**EXERCISE INSTRUCTIONS:**
Copy exactly, from the beginning of the material below, every line up to and including the one holding "根據場合要(yao)求和介質切斷閥的(de)選用見表(biao) 6.2.6", with the pictures left out.

**DATASET:**
━━━━━━━━━━
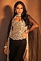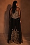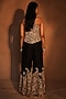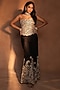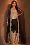 Featuring a black and gold corset in crepe, raw silk and net base with cutdana, pearls dori and resham work, including paisley detail. It is paired with sharara pants and a cape. Style it with statement earrings, soft curls and block heels for festive gatherings or sangeet ceremonies.
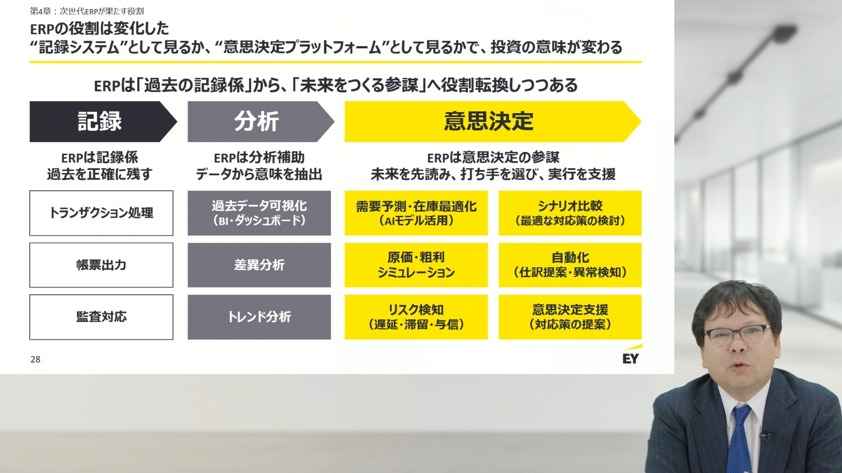講演後半では、ERPの役割転換について語られました。ERPはもはや「過去を記録するシステム」ではなく、「未来をつくる参謀」へと進化しつつあります。
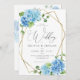 Blå Hydrangea Guld QR-kod allt i en Bröllop Inbjudningar
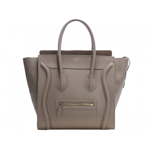 Средна чанта Celine Luggage Tote от телешка кожа в цвят каки
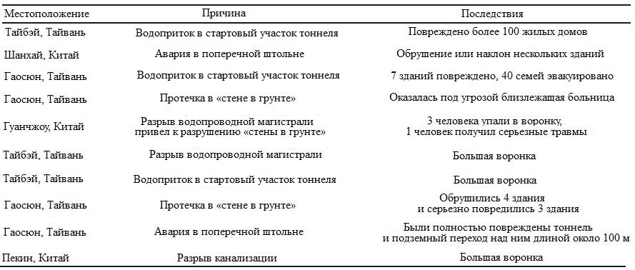 Таблица 1. Значительные аварии при строительстве метро, вызванные подземными водами, в Азиатско-Тихоокеанском регионе с 2001 по 2006 год
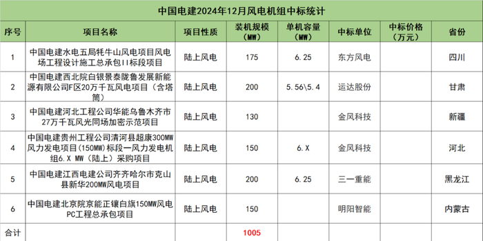 中国电建开标项目共6个,总装机规模为1005MW,由东方风电、运达股份、金风科技、三一重能、明阳智能5家整机商中标。
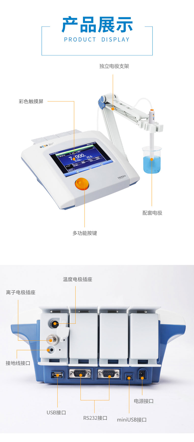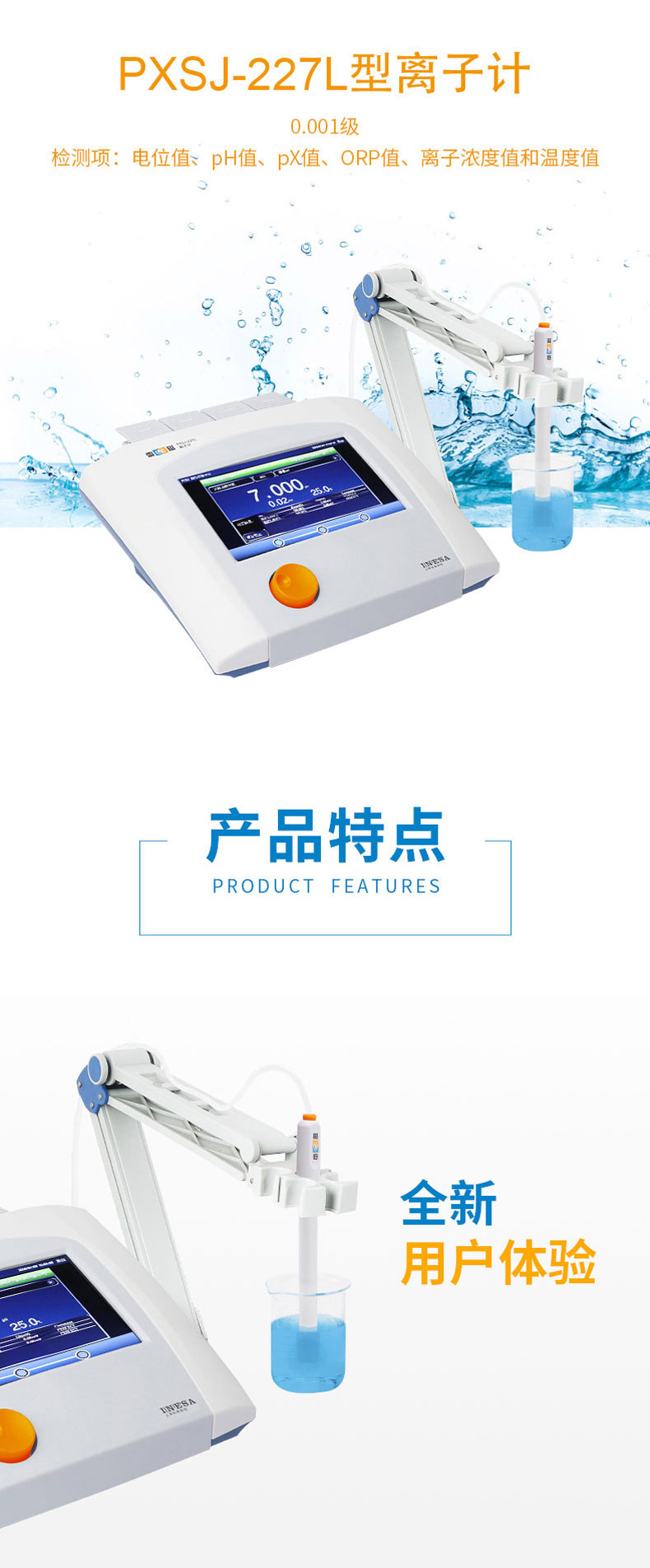 雷磁(leici)PXSJ-227L型離子計水質(zhì)分析儀液晶顯示屏中英文操作自動溫補(bǔ)
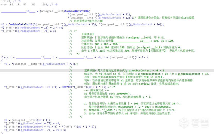 2.在Modbus_Read_Holding_Registers_Response(sub_8000998)中发现了存在陷入死循环、内存越界读取、索引劫持与缓冲区溢出的风险(漏洞),如下图:
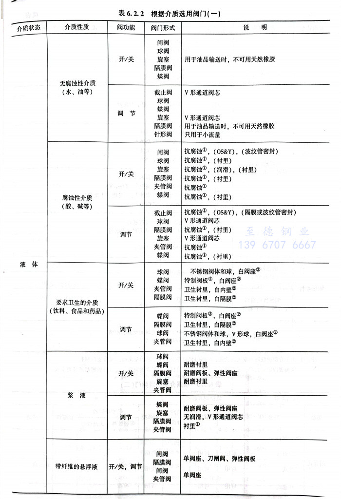 根據場合要(yao)求和介質切斷閥的(de)選用見表(biao) 6.2.6
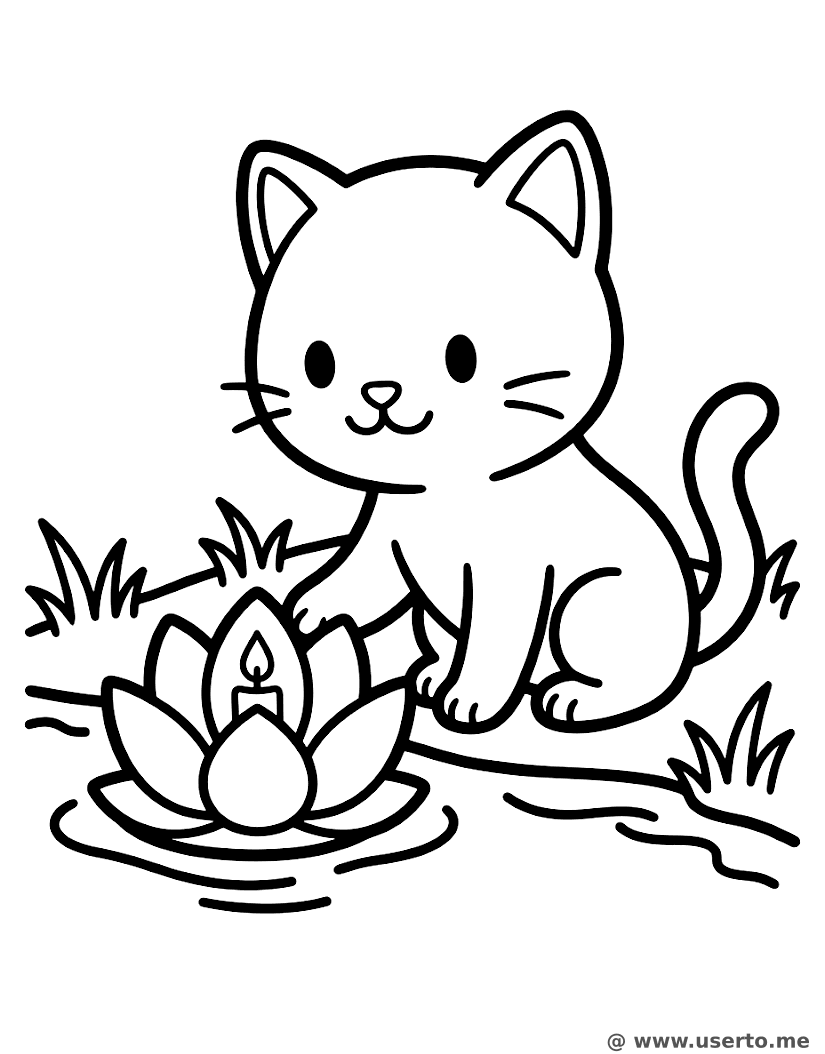 Wünsche des Kätzchens mit Schwimmenden Laternen - Kostenloses AI Coloring Book: To Me
━━━━━━━━━━
**ANSWER BELOW:**
 Featuring a black and gold corset in crepe, raw silk and net base with cutdana, pearls dori and resham work, including paisley detail. It is paired with sharara pants and a cape. Style it with statement earrings, soft curls and block heels for festive gatherings or sangeet ceremonies.
講演後半では、ERPの役割転換について語られました。ERPはもはや「過去を記録するシステム」ではなく、「未来をつくる参謀」へと進化しつつあります。
 Blå Hydrangea Guld QR-kod allt i en Bröllop Inbjudningar
 Средна чанта Celine Luggage Tote от телешка кожа в цвят каки
 Таблица 1. Значительные аварии при строительстве метро, вызванные подземными водами, в Азиатско-Тихоокеанском регионе с 2001 по 2006 год
 中国电建开标项目共6个,总装机规模为1005MW,由东方风电、运达股份、金风科技、三一重能、明阳智能5家整机商中标。
 雷磁(leici)PXSJ-227L型離子計水質(zhì)分析儀液晶顯示屏中英文操作自動溫補(bǔ)
 2.在Modbus_Read_Holding_Registers_Response(sub_8000998)中发现了存在陷入死循环、内存越界读取、索引劫持与缓冲区溢出的风险(漏洞),如下图:
 根據場合要(yao)求和介質切斷閥的(de)選用見表(biao) 6.2.6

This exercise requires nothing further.